Our findings (with the exception of other posts) show that users of Hacker News tend to engage more on `Ask HN` posts than to participate in `Show HN` discussions about interesting stuff discovered in the internet. Probably, this is because most of us find it relieving when we answer to confused/curious people about things we may have experienced or knowledgable of. 

In our results, it can be seen that `Ask HN` has comments twice the size of `Show HN` with `24,483` and `11,988` respectively. Thus, it clearly reveals that on average, `Ask HN` posts receive more comments than `Show HN` posts.

---

Now that we have determined that `Ask HN` provides a more engaging environment than `Show HN` we'll be focusing more on analyzing `Ask HN` posts.

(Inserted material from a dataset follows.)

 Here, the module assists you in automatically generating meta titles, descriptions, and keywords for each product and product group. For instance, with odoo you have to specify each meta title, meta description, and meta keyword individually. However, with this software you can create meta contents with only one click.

At this point, we're going to be tackling the second question which is: do post at a certain time of a day receive more comments than others? 

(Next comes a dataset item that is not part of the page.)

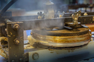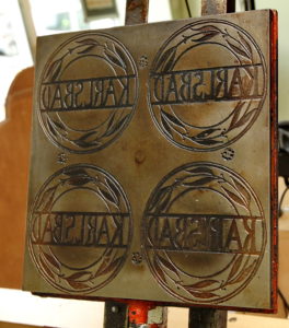 Eisenplatte von der Maschine die zur Produktion der pikannten Oblaten dienen

To do this, we need to calculate the number of ask posts created in each hour of the day along with the number of comments received. Additionally, we may want to compute an ask post's average comment per hour.

In [11]:
# we need datetime module for handling dates
import datetime as dt

# retrieve created_at and num_comments columns in data
result_list = []
for post in ask_posts:
    created_at = post[-1]
    num_comments = int(post[4])
    result_list.append([created_at, num_comments])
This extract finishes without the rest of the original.